* Entries taken from a collection:

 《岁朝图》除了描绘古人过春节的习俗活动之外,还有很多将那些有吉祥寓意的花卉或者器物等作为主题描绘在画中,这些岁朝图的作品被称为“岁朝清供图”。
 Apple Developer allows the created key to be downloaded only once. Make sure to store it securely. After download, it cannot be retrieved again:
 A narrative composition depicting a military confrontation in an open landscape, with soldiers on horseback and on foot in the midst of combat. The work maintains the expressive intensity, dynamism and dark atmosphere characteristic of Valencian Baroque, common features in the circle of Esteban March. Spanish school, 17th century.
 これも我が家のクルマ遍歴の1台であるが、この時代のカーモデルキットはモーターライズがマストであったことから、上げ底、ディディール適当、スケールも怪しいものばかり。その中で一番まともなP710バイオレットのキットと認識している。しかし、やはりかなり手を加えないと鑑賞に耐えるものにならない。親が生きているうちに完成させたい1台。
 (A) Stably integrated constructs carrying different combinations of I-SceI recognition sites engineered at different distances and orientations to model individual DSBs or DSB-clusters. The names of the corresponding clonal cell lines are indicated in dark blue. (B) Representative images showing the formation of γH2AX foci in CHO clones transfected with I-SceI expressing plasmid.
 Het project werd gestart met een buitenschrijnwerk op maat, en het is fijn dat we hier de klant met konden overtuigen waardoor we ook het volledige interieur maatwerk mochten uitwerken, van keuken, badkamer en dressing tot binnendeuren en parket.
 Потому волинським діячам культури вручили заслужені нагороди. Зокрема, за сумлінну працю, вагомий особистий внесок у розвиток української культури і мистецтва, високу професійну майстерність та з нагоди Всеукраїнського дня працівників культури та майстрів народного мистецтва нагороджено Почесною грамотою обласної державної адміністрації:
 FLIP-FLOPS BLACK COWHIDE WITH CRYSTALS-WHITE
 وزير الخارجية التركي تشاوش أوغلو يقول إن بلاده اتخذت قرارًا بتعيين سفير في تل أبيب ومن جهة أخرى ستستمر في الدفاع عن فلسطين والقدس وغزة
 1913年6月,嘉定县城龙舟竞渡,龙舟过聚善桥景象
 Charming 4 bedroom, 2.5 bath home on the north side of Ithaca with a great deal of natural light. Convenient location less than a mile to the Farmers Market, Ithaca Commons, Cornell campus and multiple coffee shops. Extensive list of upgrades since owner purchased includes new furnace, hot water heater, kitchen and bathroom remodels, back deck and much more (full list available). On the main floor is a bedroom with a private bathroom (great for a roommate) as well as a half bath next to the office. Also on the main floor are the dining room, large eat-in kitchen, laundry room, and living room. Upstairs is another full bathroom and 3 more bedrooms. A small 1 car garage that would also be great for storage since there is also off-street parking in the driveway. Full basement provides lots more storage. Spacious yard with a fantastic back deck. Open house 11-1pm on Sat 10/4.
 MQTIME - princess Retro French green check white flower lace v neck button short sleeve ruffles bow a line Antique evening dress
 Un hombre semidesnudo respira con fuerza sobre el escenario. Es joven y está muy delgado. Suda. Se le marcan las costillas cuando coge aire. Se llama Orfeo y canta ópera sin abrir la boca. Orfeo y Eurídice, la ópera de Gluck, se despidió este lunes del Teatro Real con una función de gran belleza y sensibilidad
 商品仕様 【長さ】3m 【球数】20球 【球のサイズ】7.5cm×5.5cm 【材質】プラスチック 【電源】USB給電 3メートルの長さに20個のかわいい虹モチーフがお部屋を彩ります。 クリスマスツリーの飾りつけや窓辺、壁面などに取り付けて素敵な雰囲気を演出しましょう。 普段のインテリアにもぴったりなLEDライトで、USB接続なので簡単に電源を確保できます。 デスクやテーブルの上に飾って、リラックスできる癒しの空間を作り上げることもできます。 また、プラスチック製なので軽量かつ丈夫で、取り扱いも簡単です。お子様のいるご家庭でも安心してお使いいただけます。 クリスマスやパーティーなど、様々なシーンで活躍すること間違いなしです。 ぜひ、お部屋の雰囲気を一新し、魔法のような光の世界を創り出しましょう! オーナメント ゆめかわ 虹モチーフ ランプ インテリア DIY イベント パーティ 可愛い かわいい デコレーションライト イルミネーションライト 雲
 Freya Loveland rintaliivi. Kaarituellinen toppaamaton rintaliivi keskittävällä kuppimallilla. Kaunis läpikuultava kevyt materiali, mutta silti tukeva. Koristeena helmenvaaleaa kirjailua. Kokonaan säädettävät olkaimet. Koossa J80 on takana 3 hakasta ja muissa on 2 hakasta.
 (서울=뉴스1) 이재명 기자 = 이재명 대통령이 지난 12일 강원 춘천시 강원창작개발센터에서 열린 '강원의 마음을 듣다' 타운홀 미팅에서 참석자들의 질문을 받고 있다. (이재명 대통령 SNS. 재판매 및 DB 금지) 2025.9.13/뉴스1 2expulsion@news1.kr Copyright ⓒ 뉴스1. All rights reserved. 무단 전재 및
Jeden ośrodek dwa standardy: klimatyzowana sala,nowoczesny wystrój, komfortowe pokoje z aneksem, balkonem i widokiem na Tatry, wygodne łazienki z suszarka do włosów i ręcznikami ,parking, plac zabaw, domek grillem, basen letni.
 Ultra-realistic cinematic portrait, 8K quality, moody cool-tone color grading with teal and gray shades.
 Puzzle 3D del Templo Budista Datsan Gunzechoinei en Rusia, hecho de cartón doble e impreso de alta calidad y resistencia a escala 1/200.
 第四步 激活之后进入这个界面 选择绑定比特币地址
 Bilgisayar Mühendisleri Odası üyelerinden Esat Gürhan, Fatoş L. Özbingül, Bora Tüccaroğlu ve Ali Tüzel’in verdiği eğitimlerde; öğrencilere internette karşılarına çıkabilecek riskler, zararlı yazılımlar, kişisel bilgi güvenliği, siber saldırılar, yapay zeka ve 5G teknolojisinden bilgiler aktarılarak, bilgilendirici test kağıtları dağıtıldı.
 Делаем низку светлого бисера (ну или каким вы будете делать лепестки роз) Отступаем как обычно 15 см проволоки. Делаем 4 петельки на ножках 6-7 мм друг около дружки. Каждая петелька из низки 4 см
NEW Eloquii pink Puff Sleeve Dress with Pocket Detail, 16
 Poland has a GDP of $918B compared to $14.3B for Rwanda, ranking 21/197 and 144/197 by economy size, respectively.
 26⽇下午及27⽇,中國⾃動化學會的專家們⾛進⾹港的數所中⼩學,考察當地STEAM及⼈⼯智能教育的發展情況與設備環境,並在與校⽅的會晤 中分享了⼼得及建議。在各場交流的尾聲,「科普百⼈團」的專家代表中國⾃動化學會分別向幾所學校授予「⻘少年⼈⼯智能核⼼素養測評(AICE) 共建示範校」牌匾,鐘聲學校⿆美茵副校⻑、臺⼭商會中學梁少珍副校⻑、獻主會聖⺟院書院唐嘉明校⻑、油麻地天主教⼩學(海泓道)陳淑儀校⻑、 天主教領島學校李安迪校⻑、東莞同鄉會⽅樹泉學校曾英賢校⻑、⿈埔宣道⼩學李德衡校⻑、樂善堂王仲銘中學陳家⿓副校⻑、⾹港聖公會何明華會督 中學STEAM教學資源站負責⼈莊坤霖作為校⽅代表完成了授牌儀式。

* Aim of the task: Which lines in the records above hold the string "parking"? Copy each of them.

* Solved exercise:
 Charming 4 bedroom, 2.5 bath home on the north side of Ithaca with a great deal of natural light. Convenient location less than a mile to the Farmers Market, Ithaca Commons, Cornell campus and multiple coffee shops. Extensive list of upgrades since owner purchased includes new furnace, hot water heater, kitchen and bathroom remodels, back deck and much more (full list available). On the main floor is a bedroom with a private bathroom (great for a roommate) as well as a half bath next to the office. Also on the main floor are the dining room, large eat-in kitchen, laundry room, and living room. Upstairs is another full bathroom and 3 more bedrooms. A small 1 car garage that would also be great for storage since there is also off-street parking in the driveway. Full basement provides lots more storage. Spacious yard with a fantastic back deck. Open house 11-1pm on Sat 10/4.
Jeden ośrodek dwa standardy: klimatyzowana sala,nowoczesny wystrój, komfortowe pokoje z aneksem, balkonem i widokiem na Tatry, wygodne łazienki z suszarka do włosów i ręcznikami ,parking, plac zabaw, domek grillem, basen letni.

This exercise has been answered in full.